The final paragraph: “But keep in mind, this isn’t the last time they see each other this season — Feb. 13. To close out the conference season. A game that could let us declare this rivalry officially resuscitated.”
A couple of months later, and now that the teams are in their final preparations for the season-ending tilt at U of M on Wednesday, one could argue that the game looms even larger than anyone would have predicted even back then when it was clear the Bisons and Wesmen were both making cases to be playoff teams.
In fact, that is my argument.
While I was pretty sure Manitoba and Winnipeg would be playing a pretty significant game this week, I would not have guessed this much would be riding on it — for everyone.
You see, because of the scheduling quirk that has the two playing in the middle of the week, instead of a traditional Friday or Saturday night, when the final buzzer sounds Wednesday it will let everyone else in the conference know, pretty much, what they have to do to get into the post-season.

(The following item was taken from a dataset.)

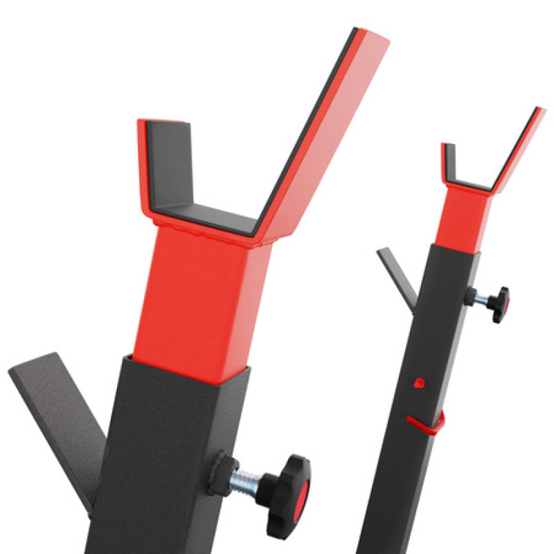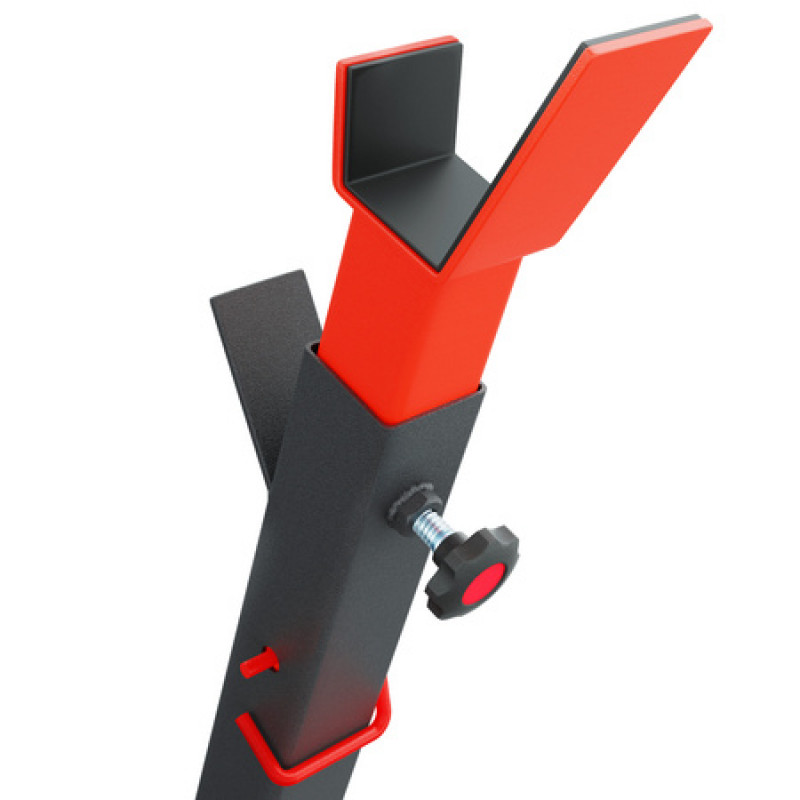 Стійки мають семиступінчасте регулювання висоти, замкові отвори розташовані з інтервалом 10 см, що дозволяє точно підлаштувати техніку під свій зріст. Встановивши підставку на потрібну висоту, ви можете зафіксувати підставку за допомогою натискного гвинта і стопорного стержня - це подвійна гарантія безпеки під час занять. Ми використали звукоізоляційний матеріал, який не тільки покликаний заглушити опускання штанги, але й запобігає її подряпинам.

I’m no Canada West historian, but I have been covering the league for the past 10 years and I’ll just say this season will go down as providing one of the most bizarre final weekends in the history of the conference.
Consider these facts and gander to the right at the official standings as your primer:
• Six teams are still in the running for a playoff spot.
• No team has secured a spot.
• The Alberta Golden Bears could finish first — or out of the playoffs.
• The Lethbridge Pronghorns, in sixth place, are still in contention.
• The Winnipeg Wesmen, out of a playoff spot as of last Friday morning, could finish second and host a first-round series.
• The Manitoba Bisons could do the same.
• Alberta/Saskatchewan, Winnipeg, Manitoba and Calgary could all be tied at 14-8 at the end of the weekend.
So here’s the two must-know facts if you’re heading to IGAC on Wednesday. The Wesmen must win to have a hope of getting in. The Bisons don’t need to win, but they’d be advised to. Let’s look at the possibilities for the two local teams.
Eliminated with: A loss, plus a Calgary sweep of Lethbridge.
This scenario works thusly: Calgary would pull even with Manitoba at 14-8 then win on the second tiebreaker, which is record in the division. Calgary would be 9-5, while Manitoba would be 8-6 if this scenario plays out.
In with: A win.
At 14-7, holding the same amount of wins currently as the two teams ahead of them, no one can go in the backdoor to force the Bisons out.
Best vs Worst (case): Could be in second place and hosting a series. Could be at home.
Eliminated with: A loss.
By virtue of Calgary owning the head-to-head tiebreak, even a Calgary split with Lethbridge would pull the Dinos even with Winnipeg in the event of a Wesmen loss. Similarly, a Lethbridge sweep of Calgary doesn’t help the Wesmen either, as the Horns own the head-to-head on U of W as well.
In with: A win.
A win would give the Wesmen the season series 2-0 and bump them ahead of the Bisons and put them in regardless of what Calgary and Lethbridge do.
Best vs Worst (case): Could host with a win, a Saskatchewan sweep and a Calgary/Lethbridge split. Could have their first winning record since 1994 — and still not have enough.